Forum for Science, Industry and Business

Sponsored by:     3M 
Search our Site:

 

Hannover Messe: Silver circuits on foil allow curved touchscreens

12.04.2018

Mobile phones and smart phones still have not been adapted to the carrying habits of their users. That much is clear to anyone who has tried sitting down with a mobile phone in the back pocket: the displays of such devices are rigid and do not yield to the anatomical forms adopted by the people carrying them. To allow typing and swiping even on curved smartphones, touchscreens and electric conductor paths have also to be curved. Therefore INM has developed a technique which allows fabrication of such conductor lines on flexible foils and even on stretchable silicone.
INM will be presenting the so called photochemical metallization on this year’s Hannover Messe at stand B46 in hall 2.
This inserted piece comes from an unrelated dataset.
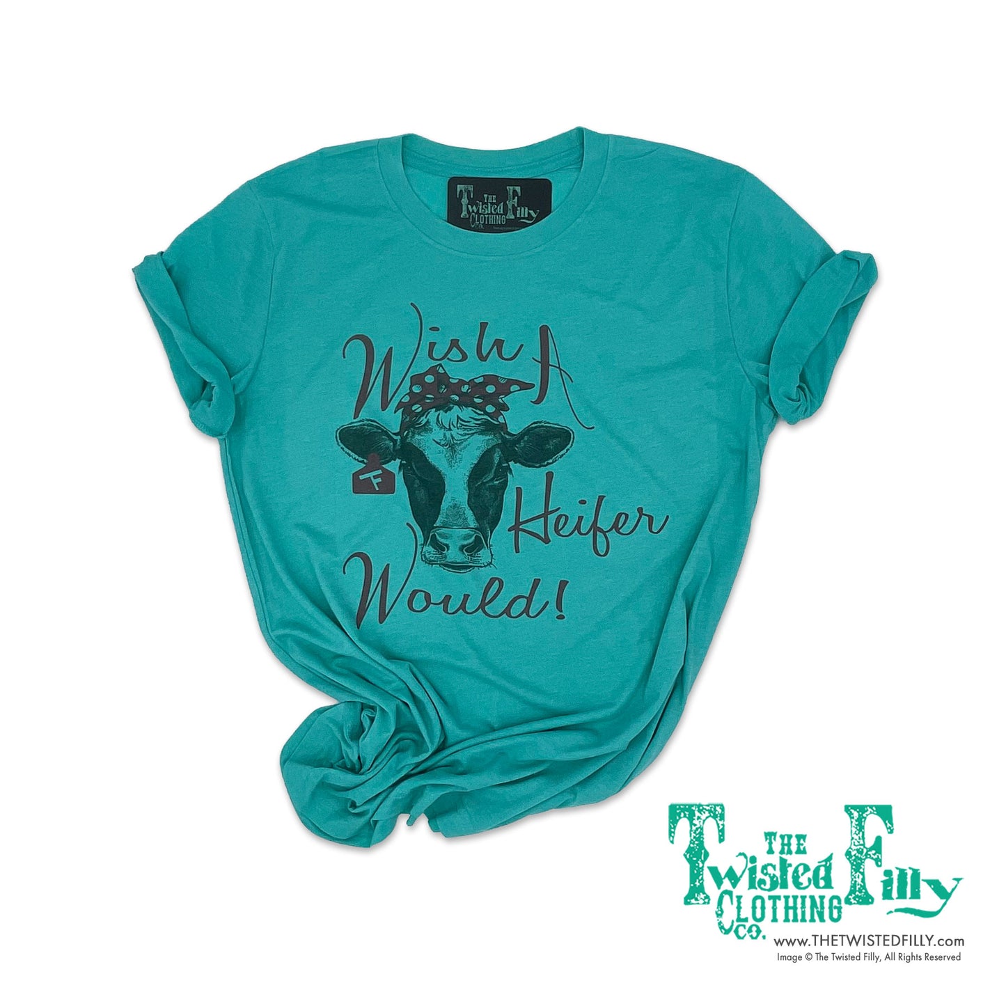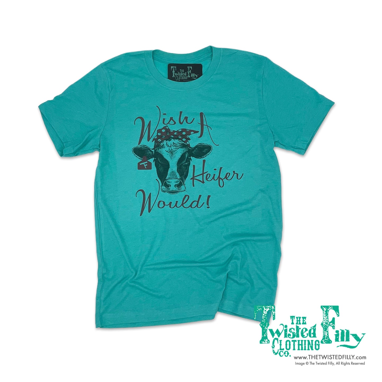 Make your statement confidently with this Wish A Heifer Would women's playful, turquoise tee – because nothing says "snarky but friendly" like a Wish A Heifer Would shirt! (You know, in case you're not a fan of the usual mooing).

For the proper functioning of touchscreens in smart phones or tablets, microscopically fine conductor lines are required on their surfaces. At the edges of the appliances, these microscopic circuit paths come together to form larger connective pads.


Silver circuits on foil with photochemical metallization.

Source: INM; free within this press release

Until now, these different lines had to be manufactured in several steps in time-consuming processes. With the photochemical metallization this is now possible in one single step on flexible substrates. The process offers several benefits: It is fast, flexible, variable in size, inexpensive and environmentally friendly. Furthermore additional process steps for post-treatment are not necessary.

In the new process, the foils are coated with a photoactive layer of metal oxide nanoparticles. “After that we apply a colorless, UV-stable silver compound,” Peter William de Oliveira, Head of Optical Materials explains. By irradiation of this sequence of layers, the silver compound disintegrates on the photoactive layer and the silver ions are reduced to form metallic, electrically conductive silver. In this way, lines of varying sizes down to the smallest size of a thousandth of a millimeter can be achieved.

This basic principle allows conductor lines to be created very individually. “There are different possibilities depending on the requirements: Writing conductor lines using UV lasers is the process which is particularly suitable for the initial customized prototype manufacture and for testing a new design of the conductor lines. However, for mass production, this method is too time-consuming,” the physicist de Oliveira explains.

The researchers are currently working intensely on a new method, the usage of transparent stamps. “These stamps push out the silver compound mechanically; conductor lines then only occur where the silver compound remains,” de Oliveira states. Since the stamps are made of a soft plastic, they can be arranged on a roll. Because the stamps are transparent, researchers at INM are now working on embedding the UV source directly in the roll.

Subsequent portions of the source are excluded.